2. The processing core of claim 1, further comprising: an
instruction memory unit coupled to the instruction register unit,
wherein a size of the instruction memory used for an instruction is
variable depending on the operation associated with the
instruction.
3. The processing core of claim 2, further comprising: the
instruction memory unit capable of being programmed
post-manufacture to include Tightly Packed Instruction Sets
configured for use with different numbers of flash memory
units.
4. The processing core of claim 1, further comprising: an address
memory unit coupled to the instruction decoder unit, the address
memory unit programmable to store a variable number of addresses of
a plurality of nonvolatile semiconductor based memory unit.

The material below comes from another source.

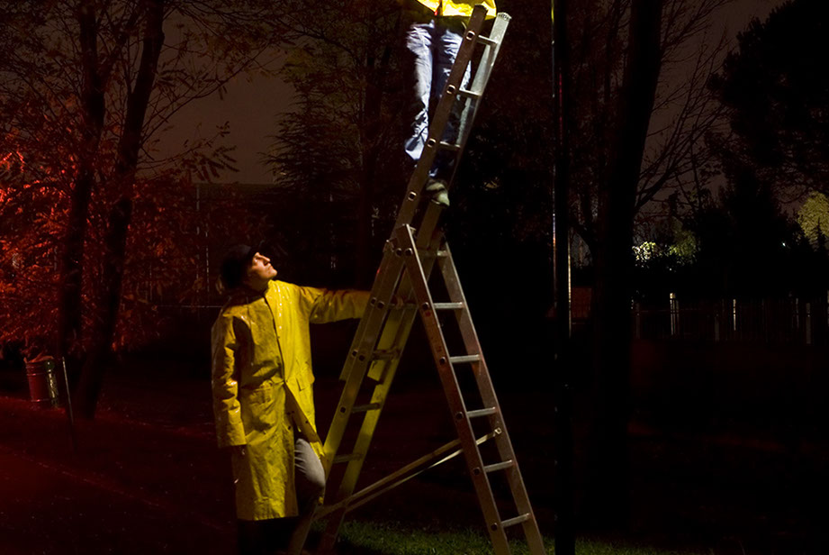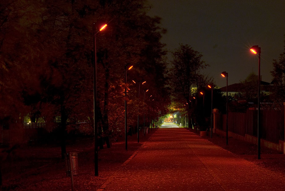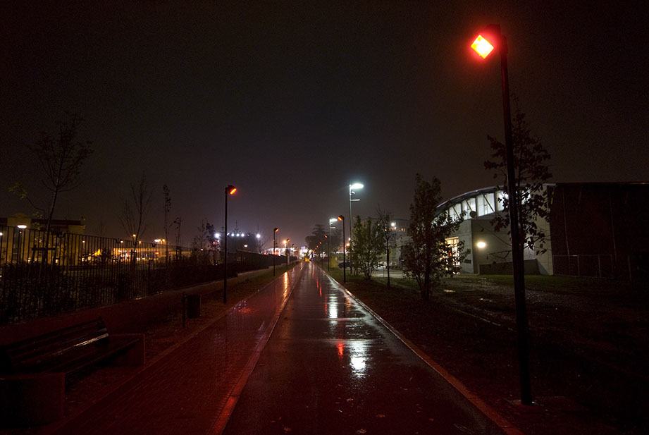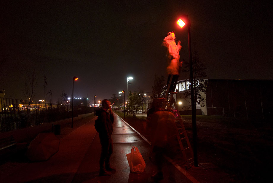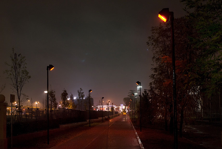e abbastanza ravvicinate (luci ad incandescenza e fluorescenza che producono gamme cromatiche totalmente differenti). Il primo pezzo del percorso consente una migliore percezione del colore usato per virare la luce, diventando spazio intimo e suggestivo, il secondo entra in relazione con l’illuminazione pubblica “normale” creando una sorta di osservatorio che permette di confrontare le diverse situazioni luminose in lontananza.

5. The processing core of claim 1, further comprising a plurality
of execution unit stages, the plurality of execution unit stages
comprising: first stage execution units to execute a first
operation associated with a selected instruction; and second stage
execution units to execute a second operation of the selected
instruction.
6. The processing core of claim 5, further comprising: the selected
instruction including an operand specifying which of the second
stage execution units to use to execute the second portion of the
selected instruction.
7. The processing core of claim 1, wherein the instructions stored
in the instruction memory comprise: an application-specific
instruction set to be executed by the plurality of execution units,
the instruction set including instructions having variably sized
opcodes and operands.
8. The processing core of claim 7, wherein a particular instruction
controls a particular execution unit in multiple ways.
9. The processing core of claim 1, further comprising: an execution
unit configured to operate on an event basis, independent of a
number of clock cycles.
10. The processing core of claim 1, further comprising: the
processing core configured to transmit a plurality of commands and
addresses to the nonvolatile semiconductor-based memory banks, the
commands comprising: both atomic and separate commands.
11. A solid state drive controller for use with nonvolatile
semiconductor based memories, the solid state drive controller
comprising: a first processor core; at least one second processor
core controlled by the first processor core, configured to respond
to memory access commands issued by the first processor core, and
configured to control access to at least one nonvolatile
semiconductor based memory unit; an interface coupling the second
processor core to the at least one nonvolatile semiconductor based
memory; the second processor core configured to execute memory
access instructions on an event-driven basis, independent of a
specific number of clock cycles used by the instructions.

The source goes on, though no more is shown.